*** Opening of DATASET RECORDS ***
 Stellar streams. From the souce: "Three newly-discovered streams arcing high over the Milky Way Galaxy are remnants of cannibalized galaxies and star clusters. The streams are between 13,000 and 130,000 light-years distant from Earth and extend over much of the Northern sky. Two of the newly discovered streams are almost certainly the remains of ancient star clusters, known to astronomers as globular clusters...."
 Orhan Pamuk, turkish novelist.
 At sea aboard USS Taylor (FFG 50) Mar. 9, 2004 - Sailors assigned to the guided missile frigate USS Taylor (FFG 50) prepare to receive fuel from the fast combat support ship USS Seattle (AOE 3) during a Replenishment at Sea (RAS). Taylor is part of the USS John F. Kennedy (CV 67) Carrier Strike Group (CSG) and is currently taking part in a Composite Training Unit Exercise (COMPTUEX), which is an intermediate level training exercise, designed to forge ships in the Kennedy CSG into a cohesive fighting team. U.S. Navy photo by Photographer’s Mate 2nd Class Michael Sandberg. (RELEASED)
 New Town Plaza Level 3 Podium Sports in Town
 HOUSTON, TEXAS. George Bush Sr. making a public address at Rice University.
*** Close of DATASET RECORDS ***
*** Opening of DATASET RECORDS ***
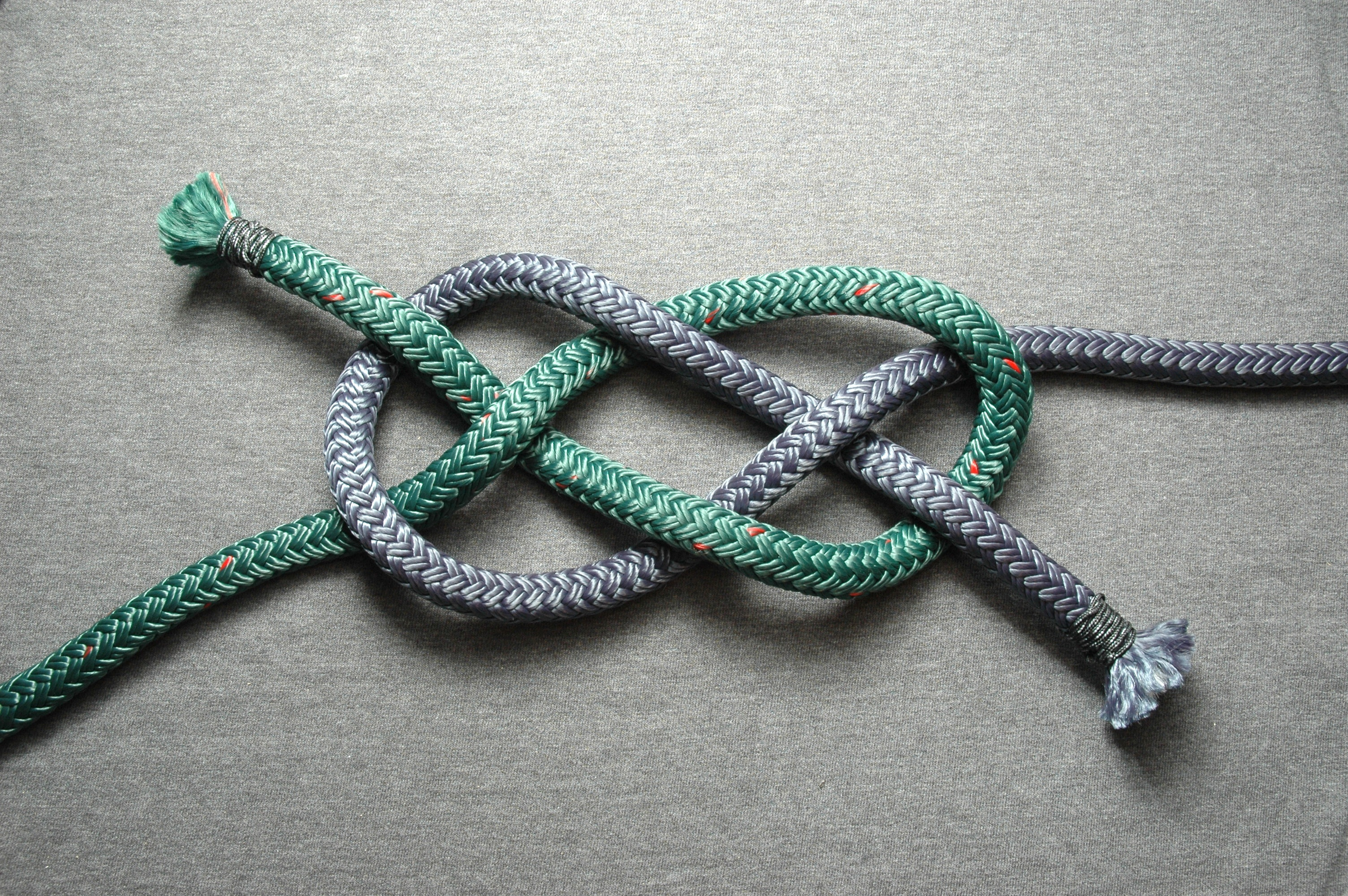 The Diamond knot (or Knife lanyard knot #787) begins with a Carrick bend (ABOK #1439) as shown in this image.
*** Close of DATASET RECORDS ***
*** Opening of DATASET RECORDS ***
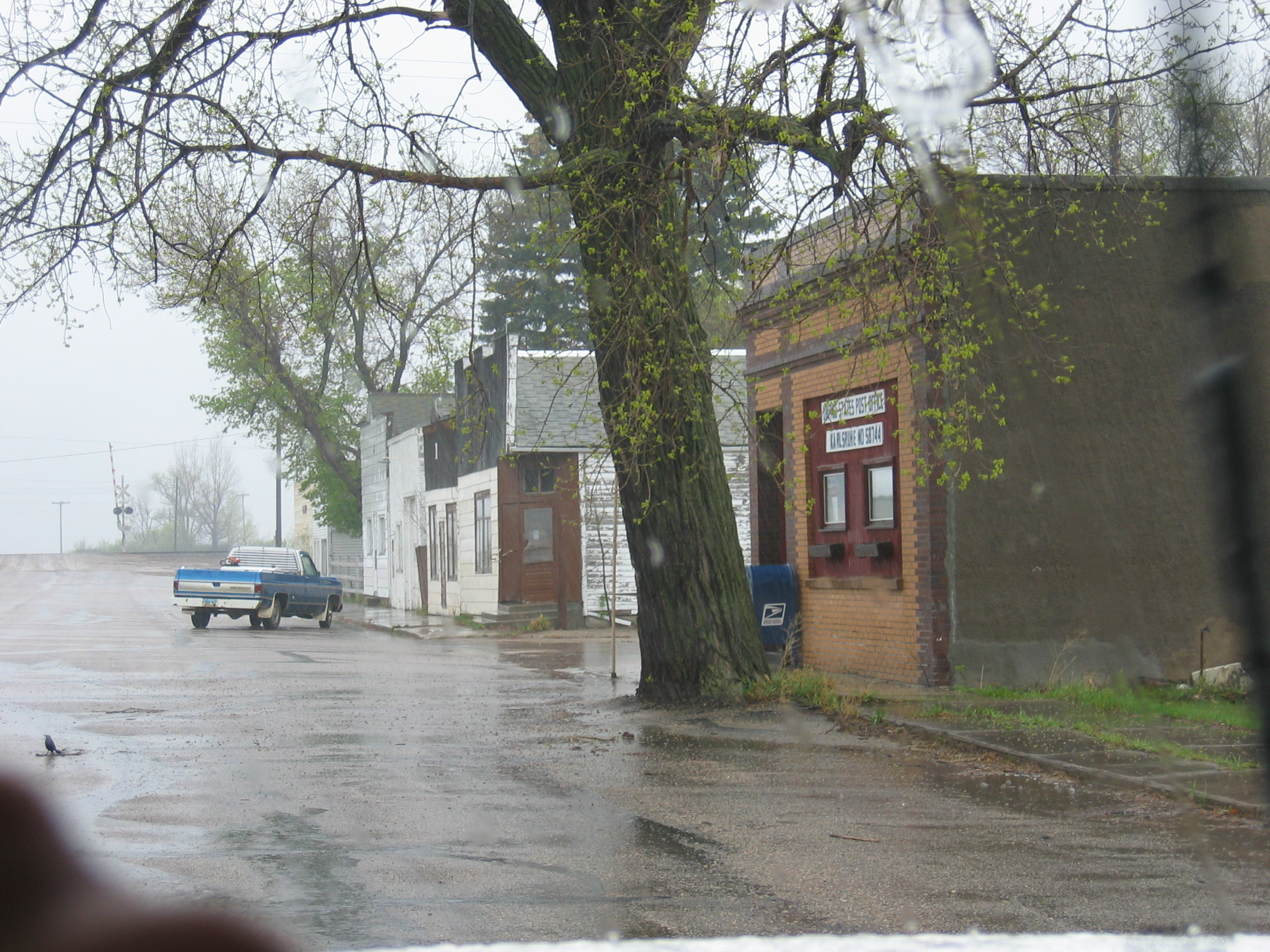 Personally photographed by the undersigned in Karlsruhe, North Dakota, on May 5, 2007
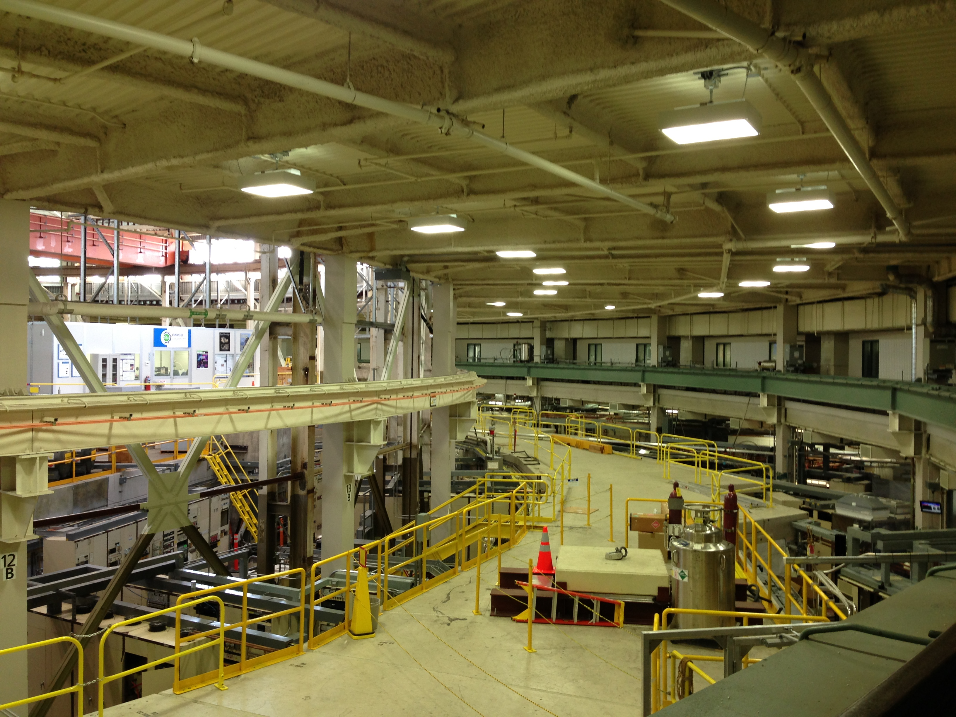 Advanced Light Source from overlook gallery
*** Close of DATASET RECORDS ***
**WHAT THE EXERCISE ASKS**
Using the records above, restate word for word the lines from the one with "Stellar streams. From" through the one with "New Town Plaza Level 3 Podium Sports in Town", both included.

**EXPECTED ANSWER**
 Stellar streams. From the souce: "Three newly-discovered streams arcing high over the Milky Way Galaxy are remnants of cannibalized galaxies and star clusters. The streams are between 13,000 and 130,000 light-years distant from Earth and extend over much of the Northern sky. Two of the newly discovered streams are almost certainly the remains of ancient star clusters, known to astronomers as globular clusters...."
 Orhan Pamuk, turkish novelist.
 At sea aboard USS Taylor (FFG 50) Mar. 9, 2004 - Sailors assigned to the guided missile frigate USS Taylor (FFG 50) prepare to receive fuel from the fast combat support ship USS Seattle (AOE 3) during a Replenishment at Sea (RAS). Taylor is part of the USS John F. Kennedy (CV 67) Carrier Strike Group (CSG) and is currently taking part in a Composite Training Unit Exercise (COMPTUEX), which is an intermediate level training exercise, designed to forge ships in the Kennedy CSG into a cohesive fighting team. U.S. Navy photo by Photographer’s Mate 2nd Class Michael Sandberg. (RELEASED)
 New Town Plaza Level 3 Podium Sports in Town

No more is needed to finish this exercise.